TASK DIRECTIONS = Your answer should contain only the lines from the top of the data below down through the one with "C.I.D. is a", transcribed exactly and without pictures; please include nothing more.

SOURCE MATERIAL =
-- Opening Marker --
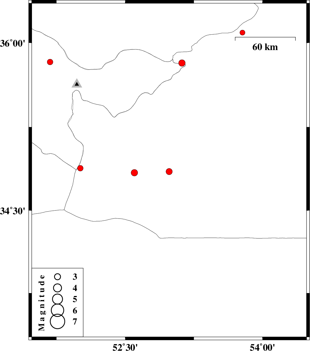 | 2014/04/14 | 15:45:14.1 | 20:15:14.1 | 34.88 | 52.01 | 29 | ML2.8 | Semnan Province, 48 km South-West of Garmsar | ||
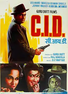 C.I.D. is a 1956 Indian crime thriller film directed by Raj Khosla and produced by Guru Dutt. It stars Dev Anand, Shakila, Johnny Walker, K. N. Singh and Waheeda Rehman. The film has Dev Anand playing a police inspector investigating a murder case. The music was given by O. P. Nayyar and the lyrics by Majrooh Sultanpuri and Jan Nisar Akhtar. It was Waheeda Rehman's screen debut in Hindi films, and future directors Pramod Chakravorty and Bhappi Sonie worked as assistant directors on this film.[1][2] It is considered to be one of the "Best Thrillers to have ever come out of Hindi Cinema".[3]
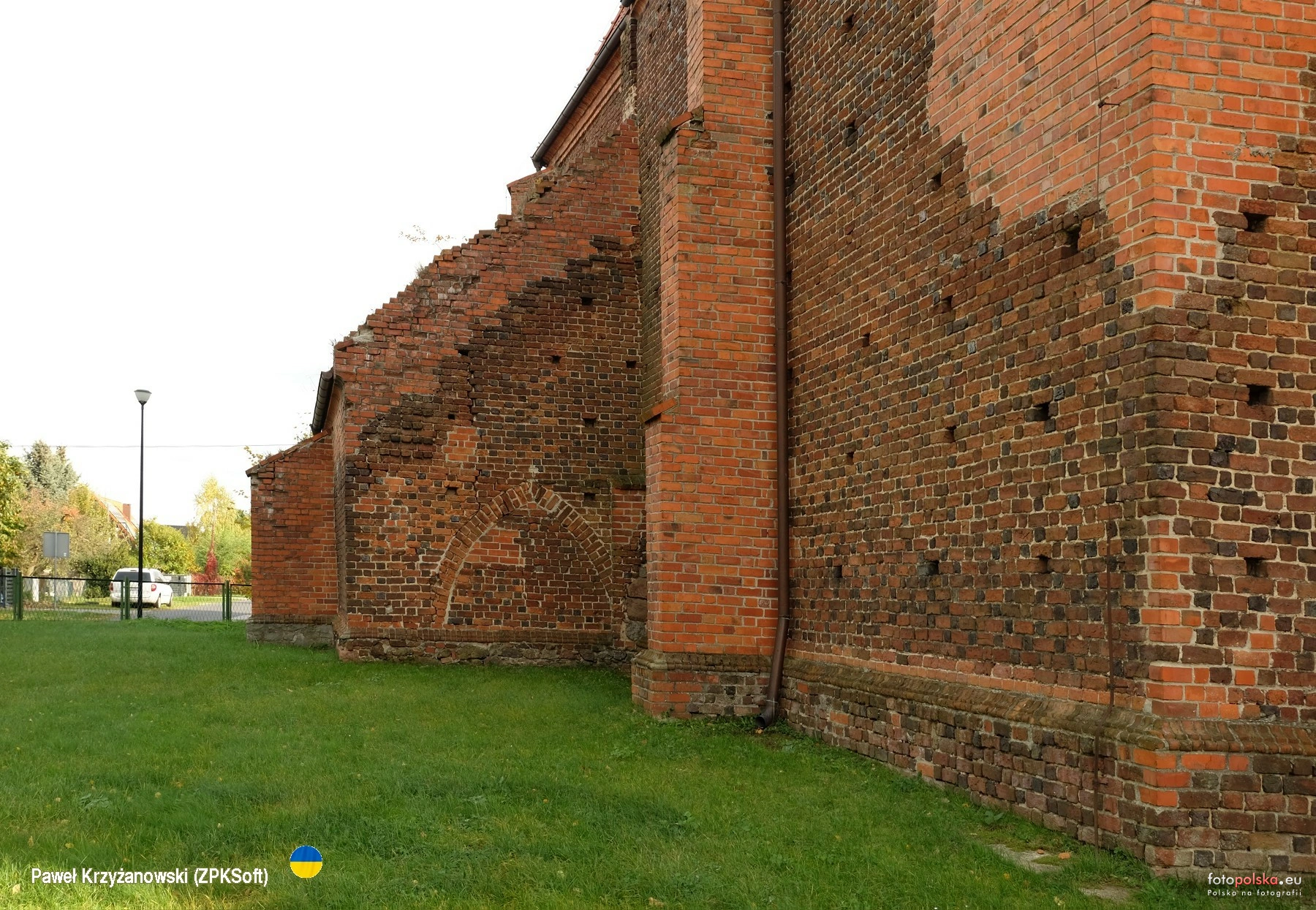 23 października 2024 , Kościół Chrystusa Króla, jego obecny wygląd gotycki pochodzi z pierwszej połowy XV w. a wieża z drugiej połowy XIX w. Zniszczony w czasie działań wojennych w 1945 r., odbudowany w latach 70. XX w. Na zdjęciu fragment muru północnego ze śladem przebudowy.Skomentuj zdjęcie |
-- Closing Marker --
RESULT =
 | 2014/04/14 | 15:45:14.1 | 20:15:14.1 | 34.88 | 52.01 | 29 | ML2.8 | Semnan Province, 48 km South-West of Garmsar | ||
 C.I.D. is a 1956 Indian crime thriller film directed by Raj Khosla and produced by Guru Dutt. It stars Dev Anand, Shakila, Johnny Walker, K. N. Singh and Waheeda Rehman. The film has Dev Anand playing a police inspector investigating a murder case. The music was given by O. P. Nayyar and the lyrics by Majrooh Sultanpuri and Jan Nisar Akhtar. It was Waheeda Rehman's screen debut in Hindi films, and future directors Pramod Chakravorty and Bhappi Sonie worked as assistant directors on this film.[1][2] It is considered to be one of the "Best Thrillers to have ever come out of Hindi Cinema".[3]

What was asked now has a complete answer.